Parfois une dernière tentative est faite, “en tentant de faire fusionner les équipes pour, malgré tout, en sortir quelque chose. Quitte à changer d’optique…” Cela peut être une option “s’ils tiennent vraiment à continuer avec la casquette d’entrepreneurs”. Mais ce n’est pas toujours possible ou, autre possibilité, les compatibilités entre les personnes ou les volontés ne se manifestent pas!
Des frontières géographiques diluées
Autre dimension d’analyse du bilan que tire Digital Attraxion pour son troisième anniversaire: un rapide examen de la provenance géographique des start-ups qui ont frappé, avec réponse positive, à sa porte montre que les projets candidats sont loin de tous venir du Hainaut.
On sait, depuis quelques temps déjà, que les invests chassent désormais sur les terres de leurs consoeurs, loin des périmètres provinciaux traditionnels.
Si ce phénomène n’est donc plus une nouveauté, cela ne manque toutefois pas d’étonner dans la mesure où le but d’une invest est de favoriser et de promouvoir le développement économique et l’emploi dans “sa” (sous-)région. Comment dès lors Digital Attraxion justifie-t-elle cet accompagnement et ces investissements dans des sociétés nées et même implantées hors Hainaut?
Le gros des start-ups viennent du Brabant wallon, du Hainaut et de la province de Namur. Moins de 20% de nos dossiers viennent de Bruxelles.
L’explication de Sébastien Doyen s’appuie sur quelques “nuances”. Première ligne de défense: “le numérique ne connaît pas de frontière”. Un rien facile… La deuxième explication n’est pas exempte non plus de faiblesses: “souvent, les porteurs de projet n’ont même pas encore de bureau, travaillent de chez eux”. On pourrait même ajouter dans un espace de coworking, parfois. Ce qui n’empêche pas qu’ils soient bel et bien originaires de quelque part…
Et puis, il y a pas mal de start-ups qui ont bel et bien un pied à terre… plus ou moins loin du Hainaut. Sébastien Doyen en vient à plus de précision: “Un tiers des start-ups qui sont accompagnées sont suivies par l’un des trois CEI (Centres d’Entreprise et d’Innovation) hennuyers”, impliqués dans l’aventure Digital Attraxion (à savoir La Maison de l’Entreprise-LME, à Mons et La Louvière, et le Centre Héraclès aujourd’hui rebaptisé Charleroi-Entreprendre).
Le gros des start-ups viennent du Brabant wallon, du Hainaut et de la province de Namur, beaucoup moins de Liège (compte tenu des actions développées par NoShaq, anciennement MeusInvest et LeanSquare). “Moins de 20% de nos dossiers viennent de Bruxelles”.
Si elles viennent donc de divers horizons géographiques, c’est parce qu’il n’y a en effet aucune obligation de créer, en finale, une société dans le Hainaut. Du moins tant que les start-ups ne désirent pas obtenir des fonds d’une des trois invests hennuyères. Par contre, si elles désirent obtenir un investissement d’une invest, il leur faut ouvrir un siège d’exploitation ou un siège social dans la région de ces invests.
On ne parle ici que des injections en capital. S’il s’agit d’un prêt à rembourser, aucune obligation de s’implanter en Hainaut…
Mais, même à cette aune-là (capital, donc ancrage local), on repère encore des “allogènes”. Exemple? Piximate, dont le siège est ancré à… Ottignies Louvain-la-Neuve. “C’est vrai qu’il y a des exceptions”, reconnaît Sébastien Doyen.
Programme de “validation” Digital Attraxion, trois ans après…
Chiffres arrêtés à la mi-janvier 2020
96 start-ups ou projets sélectionnés
49 en cours d’accompagnement (validation ou accélération)

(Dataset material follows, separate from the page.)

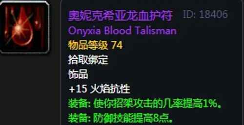 奥妮克希亚龙血护符:饰品2,出自黑龙公主任务线奖励; 基础属性:+15火焰抗性,装备效果 使你招架攻击的几率提高1%,防御技能提高8点,每5秒恢复7点生命值。 魔兽世界社区所有攻略资讯查询方法:1、想要寻找魔兽世界正式服和怀旧服最新攻略、资讯,可以下载安装魔兽世界社区。 2、首先点击下载魔兽世界社区,安卓下载地址:点击查看,IOS下载地址:点击查看,或者直接下载3dmapp,下载地址:点击查看。 3、下载安装app,然后点击app上方搜索关键词,会有相关下拉搜索,选择自己想要的魔兽世界攻略或者资讯,可以点击查看。
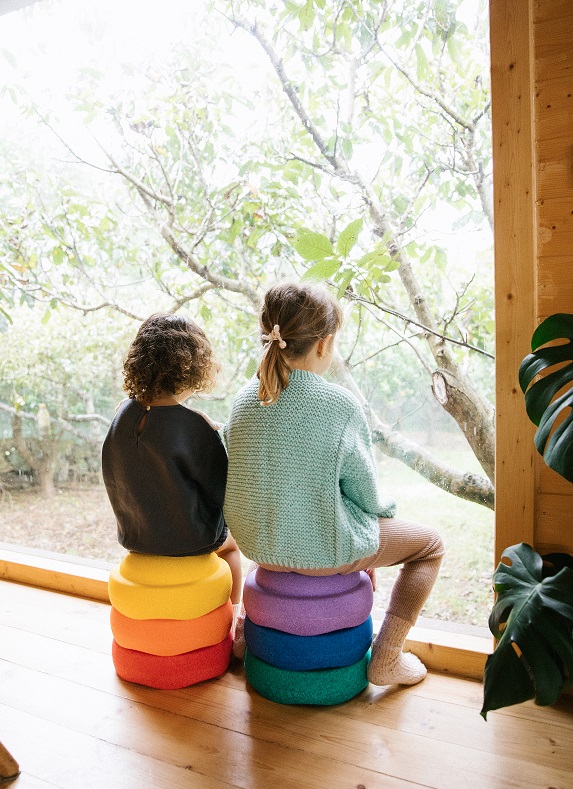 - Ältere Kinder können immer anspruchsvollere Balance-Parcours legen. Man kann in die Stapelsteine oder auf die Stapelsteine treten, Treppen bauen, sie mit anderen Elementen kombinieren. Versucht mal, mit drei Stapelsteinen über einen gedachten Fluß zu kommen.

8 start-ups ayant bouclé le programme
8 autres ayant introduit un dossier de levée de fonds auprès de l’une des trois invests (citons notamment Smartbeam, Tafsquare, MySkillCamp, Piximate, Cyanview et Global Connection Apps)
Principales thématiques représentées par les start-ups accompagnées? Surtout – par ordre d’importance – des projets de types “marketplace”, industrie 4.0 et marketing. Quelques dossiers aussi en e-santé, en RH, fort peu en IoT (Internet des Objets).